Understand then meet the challenges behind setting benchmarks and performing against them
January 1, 2007
By Mike Vorster, Contributing Editor
Mike Vorster, David H. Burrows Professor of Construction Engineering and Management at Virginia Tech. See full archives of "Equipment Executive"
Availability is the time a machine is capable of working divided by the period the machine is required to work. Utilization is the hours worked divided by the hours the machine is capable of working during the day. Availability and utilization appear to be simple metrics, but it is difficult to agree on exactly how they will be defined and calculated.
We all seek the elusive benchmark that we can compare with others and improve our performance. Benchmarks set standards, define what is achievable, and give us the motivation to be best in class. They are an indispensable part of our management tool kit; yet they are difficult to define, difficult to use, and often inappropriate.
At the simplest level, we can benchmark internally and try to improve relative to our own data and performance metrics. We can also benchmark relative to a select group of noncompeting peer organizations where we share information and best practices, or we can benchmark across the industry as a whole. Each, as shown in the accompanying table, has its advantages and disadvantages. If the benchmark group is small and tightly defined, we have the advantage of accurate and relevant metrics, but lose the opportunity to compare across a wide spectrum of potential winners. If the group is broad, we compare ourselves with all comers but run the risk of using values that do not apply to us because of differences in where we work, how we collect the data, and how we define the metrics.
A good example of the problem is undercarriage life, where industry norms are all but meaningless due to the wide range of conditions under which equipment operates. Narrow the benchmarking group to contractors in Florida, and the values become more accurate and more relevant to companies in the peer group.
Another challenge comes from the way we define the metrics, do the calculations, and collect the data. Availability and utilization are good examples. The illustration (see next page) shows one approach where availability is defined as the time a machine is capable of working divided by the period the machine is required to work and where utilization is defined as the hours worked divided by the hours the machine is capable of working during the day. The definitions are far from universally accepted, and it is impossible to develop availability and utilization benchmarks without first agreeing on the way to collect the data and calculate the required values. Another complication stems from the fact that so many things are interrelated. We can, for instance, see that acceptable availability depends on the length of the required shift as this affects the time available to finish repairs and perform off-shift work within a 24-hour cycle.

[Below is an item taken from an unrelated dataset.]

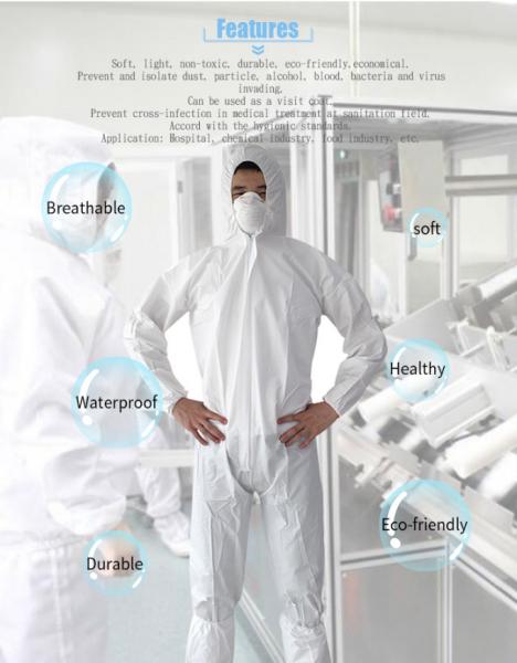 Hooded Disposable Body Suit , Waterproof Disposable Coveralls Work Safety

The solution is not easy. What can we do to improve our ability to define and use bench-marks?
First, think about and define your benchmarking peer group. Know how to benchmark internally before seeking to develop a peer group or trying to use industry benchmarks. If breakdowns currently generate 22 percent of work orders, then you can set a new benchmark of 15 percent and diligently work toward this new goal. You may not know how you are doing relative to the industry, but you know you will be improving. You will, above all, know that the data you use are good and consistent, and that you are comparing apples with apples.
Second, focus on the equipment-management functions. Define benchmarks that measure performance in field maintenance operations, shop and yard operations, and fleet asset management. These are different functions with different measures for success. Field maintenance operations should be measured in terms of your ability to prevent failures; shop and yard operations are measured in terms of the speed and efficiency with which machines are repaired, rebuilt and made ready for their next assignment; and fleet asset management is measured in terms of financial measures such as profitability and return on assets. High-level financial metrics such as contract value per dollar of fleet-replacement value can be based on industry norms, but even these are subject to discussion on how much work each company subcontracts and how each company values its fleet.

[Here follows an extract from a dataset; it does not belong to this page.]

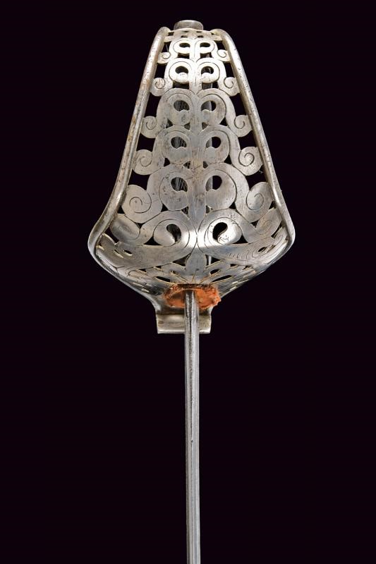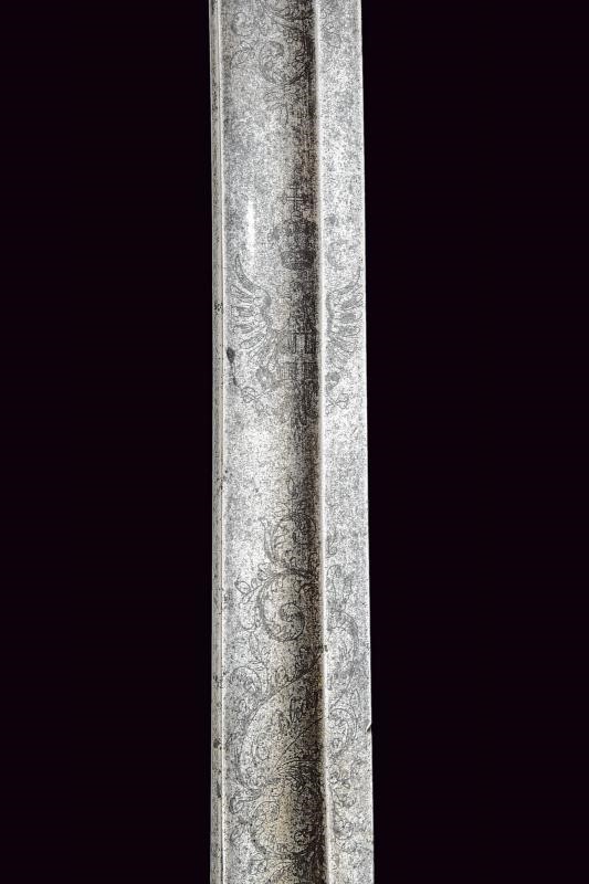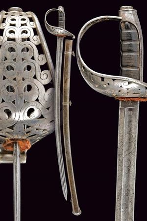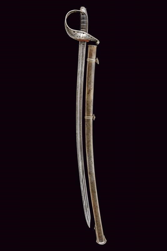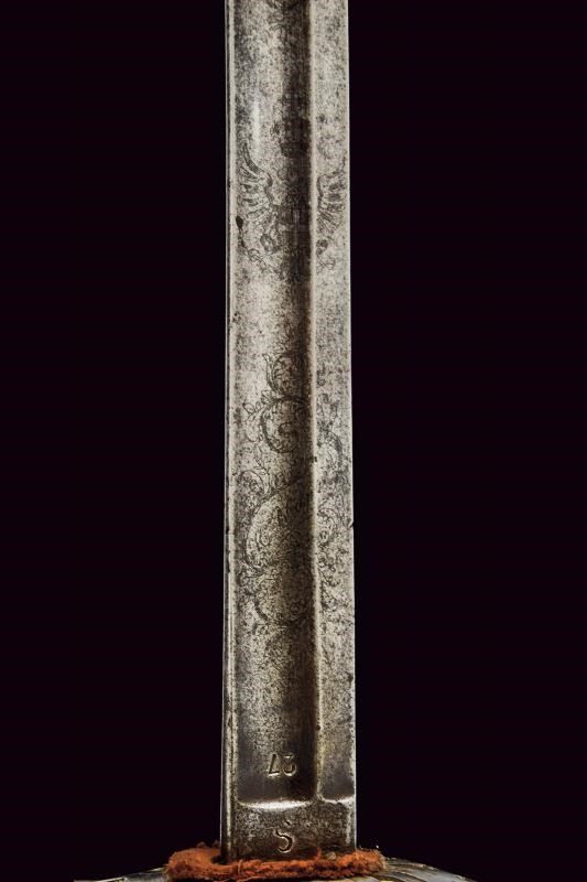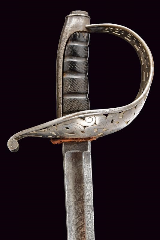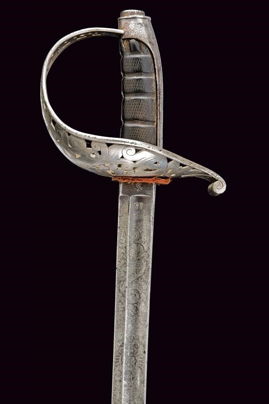 Lama leggermente curva a un filo e controfilo con sguscio centrale che si sdoppia al debole, incisa al forte a trofei, con aquila sabauda coronata e disegni floreali, la base numerata "27" e il tallone marcato "S". Fornimento in ferro con vela messa a giorno e decorata a motivi floreali e con giglio stilizzato. Cappetta lunga, impugnatura in ebano lavorata a settori zigrinati (alcune mancanze). Fodero in ferro a due anelli di sospensione.

Third, stick to simple metrics. Availability and utilization appear to be simple metrics, but it is difficult to agree on exactly how they will be defined and calculated. Down hours per hour worked is simpler and subject to less interpretation. Define metrics that measure inputs such as mechanic hours per hour worked, outputs such as reliability or uptime, and balance such as the ratio of parts cost to labor cost or the ratio of repair parts and labor to total equipment cost. Remember that physical metrics such as fuel consumption per hour are more reliable than cost-based metrics such as fuel cost per hour.

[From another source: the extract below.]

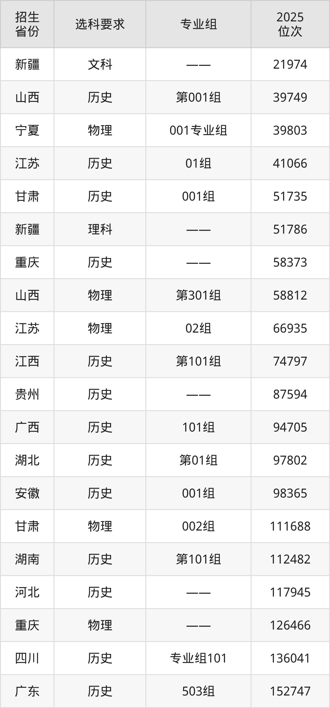 泉州经贸职业技术学院2025年在全国各省的位次差异较大,最高位次是21974位(新疆文科)、最低位次是363806位(广东物理类)。各省具体位次请看下图:

Fourth, get going. Many companies are reluctant to start a benchmarking and continuous-improvement process because they are constantly searching for a perfect set of universally applicable metrics. The shop overhead data study done by Construction Equipment in June 2005 is a great place to learn about benchmarking and to develop your skills.
Benchmarks tell us where we are now, give us an ability to measure improvement, and reward success. Without them, it is difficult to make decisions and find your way through the maze of available data.